B.C. launches a project to reduce the number of overdose deaths from prison stations released from current installations.
The Court's death review panel found two-thirds last year. B.C. Illnesses with more than 19 months of illness died, with the new criminal justice system.
Read more: Opioids Crises British Columbia can reduce life expectancy
The panel said that at the end of July 2016 and 2017, 333 people were killed by a first post.
The Ministry of Health has said Wednesday that Surrey, Prince George, Kamloops, Nanaimo, and Port Coquitlam have created new community transition groups to treat opioids in the use of disorders.
The teams are part of the social worker and the drugs they use, and they may be able to work with someone who has been giving them help.
Lynne Pelletier, B.C. Mental Health and Substance Use Services, the people in the justice system are the weaknesses of society, but today there are difficulties in emergency illness.

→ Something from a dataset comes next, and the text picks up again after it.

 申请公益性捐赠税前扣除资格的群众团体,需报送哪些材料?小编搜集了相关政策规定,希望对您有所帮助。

"Common health allows us to integrate community-based care, not only to prevent overdose, but also to connect to healthcare services, and perhaps change the life cycle, by focusing on some of the social and economic realities that have been the first place."
Dr Nader Sharifi, Medical Director of Correctional Health Services, says that 40% of people can treat opioid disorders at targeted facilities.

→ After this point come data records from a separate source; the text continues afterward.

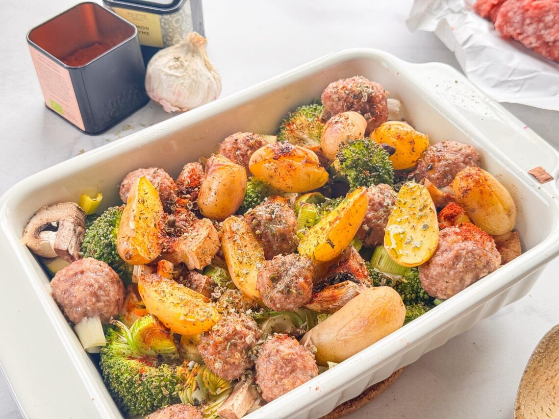 Ovenschotel met gehaktballetjes, krieltjes en groenten (traybake)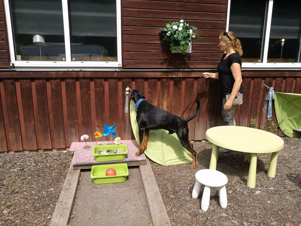I träningsgruppen träffas vi och tränar NoseWork tillsammans med instruktör.
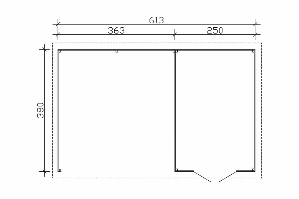 - Kerti faház terasszal 613 x 380 cm alapozási méretben; 28 mm oldalfalakkal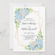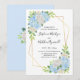 Dessa brölloppsinbjudningar har en akvarell blomsterdesign med blå hortensior, vita rosor och bladverk med en falsk guldgeometrisk ram. Anpassa inbjudantexten med din egen text.

People are at a great risk when leaving an installation and do not go to the doctor.
"There are barriers that continue with the treatment we are starting to get. Clients are in a stigma, they may not have an entry and have no fixed address. It's not easy to visit the nearest doctor's office," he says.
Community transition teams started connecting to the first customers a month. The Provincial Health Service Authority expects the development of the project in the coming year.